2. Space exposure deliberately
Spaced repetition is one of the most robust findings in cognitive psychology (Cepeda et al., 2006). We retain more when we revisit content over time rather than cramming it into a single sitting. Clusters should plan for spaced reminders, short recaps, or mini-assessments days or even weeks after initial exposure.
3. Use interleaving to build fluency
Rather than blocking similar problems together (which can produce false confidence), interleave them. This forces employees to choose strategies more deliberately, increasing long-term retention and flexible application (Rohrer et al., 2014). For example, instead of practising only one type of customer scenario at a time, mix them up to encourage deeper understanding.

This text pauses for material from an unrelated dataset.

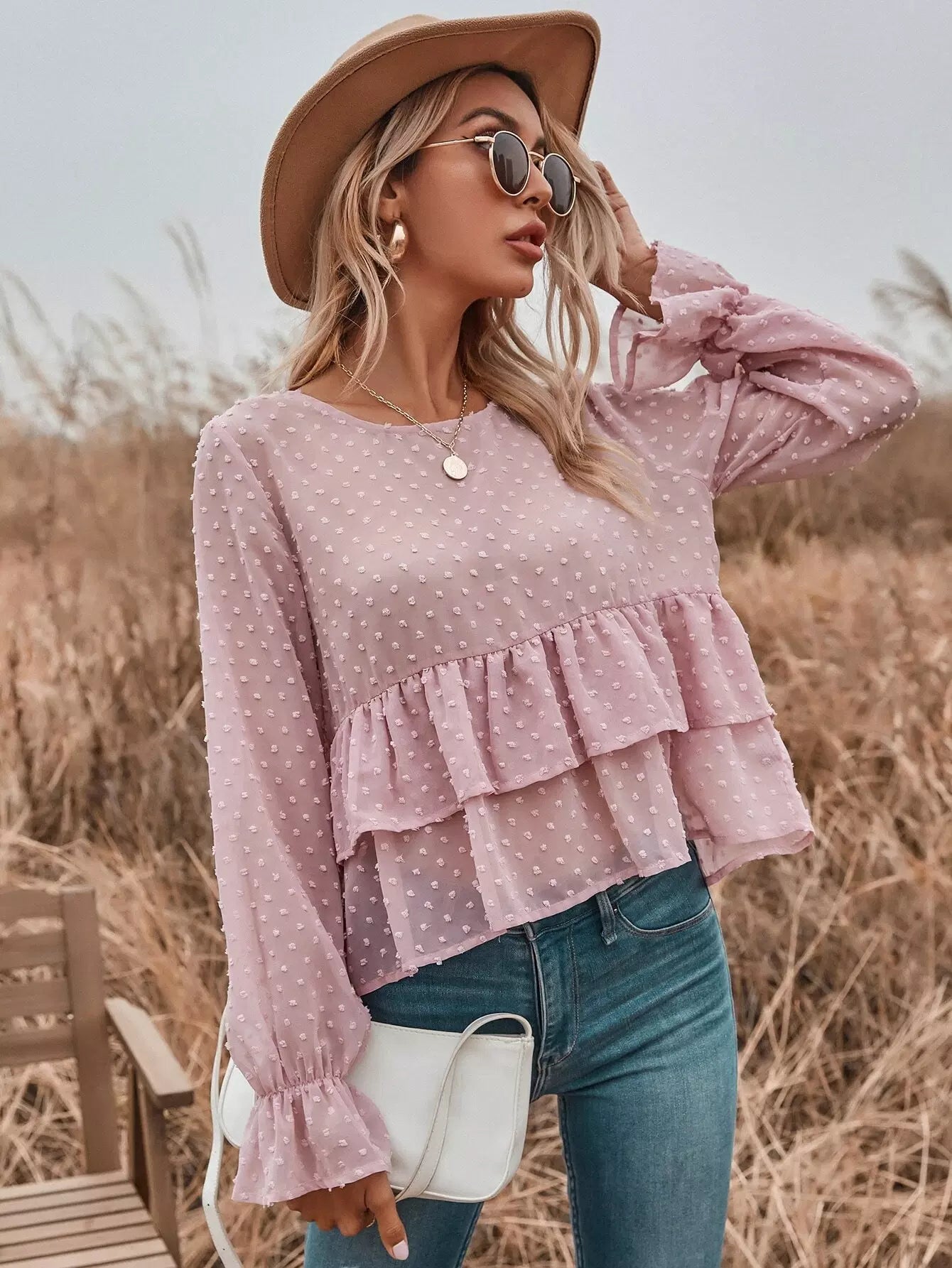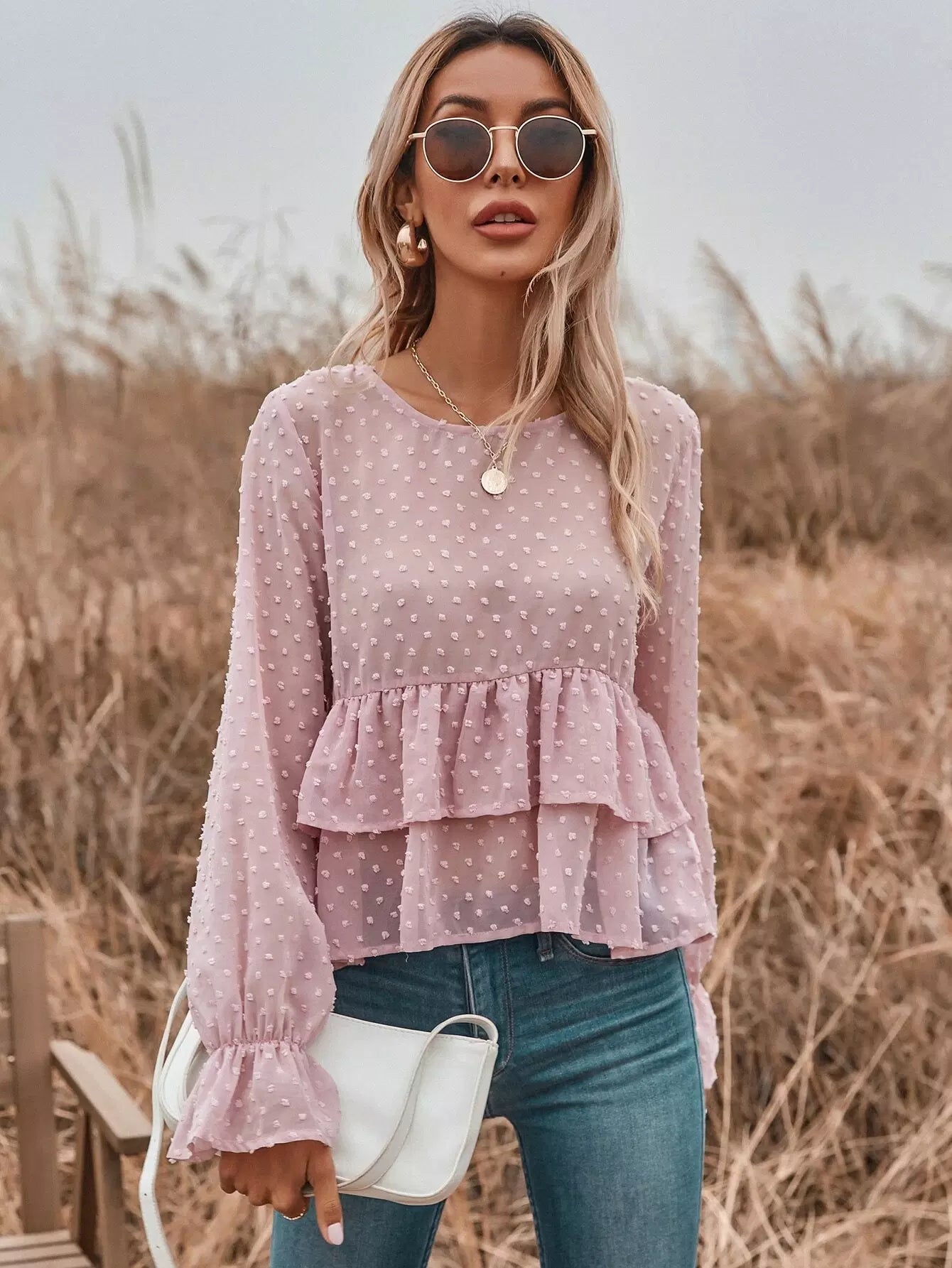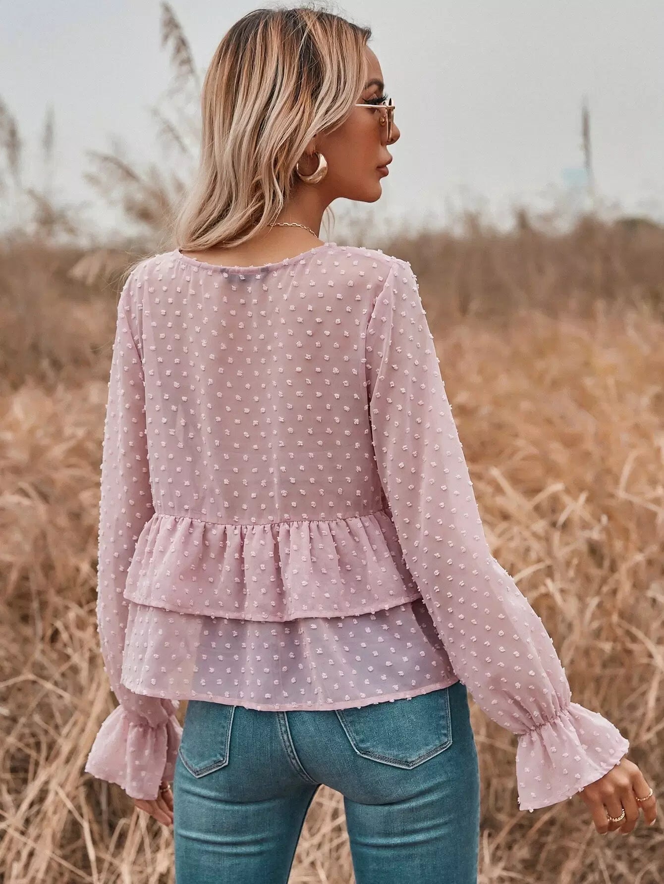 بلوزة شيفون منقّطة سويسرية شفافة ذات طبقات من الكشكش

4. Incorporate varied media and tasks
Clusters should include a mix of modalities and formats. This supports dual coding, combining verbal and visual inputs, which enhances memory and transfer (Paivio, 1986). Pair short written guides with illustrative videos, reflection questions, or scenario-based conversations. Each reinforces the others, rather than acting in isolation.
5. Design with application in mind
Every cluster should lead back to a performance objective. It is not enough to recall the content; the employee must be able to do something with it. Clusters should end with tasks that simulate or scaffold real work, not just knowledge checks.
Clusters Support Agility
Learning clusters also align well with agile learning development. They are modular and connected; they can be deployed, adapted, and iterated quickly. They’re ideal for environments where roles are evolving, skills are shifting, and L&D teams need to respond without rebuilding everything from scratch.
In this sense, clustering supports not just better learning but better delivery models. The structure encourages experimentation, feedback, and evolution, exactly what most organisations need right now.
To be clear, chunking remains a solid, foundational consideration. It makes content approachable. But if we want to build learning that changes what people do, not just what they see, we need to move beyond the chunk and into the cluster.
Learning clusters allow us to work with the grain of human memory, not against it. They help learners connect ideas, build fluency, and retrieve information when it counts. They move us from a model of knowledge transmission to one of capability building.
References
Cepeda, N.J., Pashler, H., Vul, E., Wixted, J.T. and Rohrer, D. (2006). ‘Distributed Practice in Verbal Recall Tasks: A Review and Quantitative Synthesis’, Psychological Bulletin, 132(3), pp. 354–380.
Karpicke, J.D. and Blunt, J.R. (2011). ‘Retrieval Practice Produces More Learning than Elaborative Studying with Concept Mapping’, Science, 331(6018), pp. 772–775.
Paivio, A. (1986). Mental Representations: A Dual Coding Approach. Oxford: Oxford University Press.
Rohrer, D., Dedrick, R.F. and Stershic, S. (2014). ‘Interleaved Practice Improves Mathematics Learning’, Journal of Educational Psychology, 107(3), pp. 900–908.
Sweller, J. (1988). ‘Cognitive Load During Problem Solving: Effects on Learning’, Cognitive Science, 12(2), pp. 257–285.